I think you need to update your perspective of my industry from 1999 somewhat. I was a junior in college when the bubble burst and was working for a tech company. I survived having most of my friends laid off, a year of doing their jobs in addition to my own (while going to school full time), having customers leave in droves, a year of unemployment, going to job interviews with 400 other applicants being repeatedly told I need to get a job in another industry, burning through all of my savings, having no health insurance, eventually getting hired by a company a hair away from being a sweatshop working 80 hour weeks for almost a year for shit pay, constantly being reminded that my job could be outsourced at any time all BEFORE I was able to land my present job which is still is lightyears away from being the slackers paradise replete with office pets and massage therapy circa 1999. I know a thing or two about both failure and fortune and while things are better in the tech industry now I’m entirely aware that in a few years they’ll probably be terrible again. Even when things were the worst in 2003-2004 I never once thought more government involvement would in any way remedy my situation. In fact, I'm fairly certain if all of this had happened in an country in Old Europe I'd still be unemployed.

dan p. said...

I would agree with you there that this gov't wouldn't have help your situation one bit. But 400 people applying for the same position. In a field with a labor situation such as that organization might have been an option with long term benefits.

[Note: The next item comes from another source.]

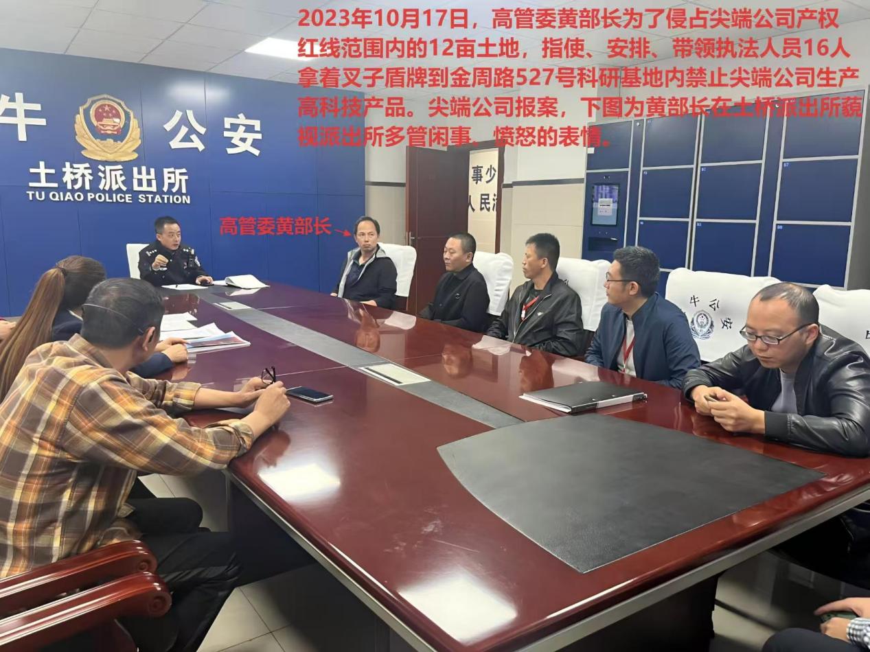 据王先生回忆,2023年10月17日,金牛高管委的这位黄部长为了侵占尖端公司产权红线范围内的12亩土地,指使、安排、带领执法人员16人拿着叉子盾牌到金周路527号科研基地内禁止尖端公司生产高科技产品。

I'm sorry for being tangential, but there was a blub on the Rachel Maddow show this morning (about 20 minutes in) that referenced this study. They even have a small summary for Indy. (The steaming will only work for today, after that it will be archived.) Basically, comparable goods cost more in areas of poverty compared to areas of greater wealth. So despite not paying much if any taxes, having possible other gov't aid, and having rising incomes, the surrounding market is still a disadvantage to their improvement in quality of life.

I don't have anything else to add in regards to marginal tax rates. So if you want to end the discussion that is fine with me. I've enjoyed this. It is always a pleasure to converse with someone smarter than myself. I look forward to it again in the future!

p.s. joe, i just realized i've had a class with your public finance prof. i enjoyed it quite a bit (as far as pub finance goes).

Andrew said...

No, no, tangents are great and I enjoy this discussion. I just happen to think it might help readability on the site to end this tax cut thread and start a new one on the topics you’ve brought up.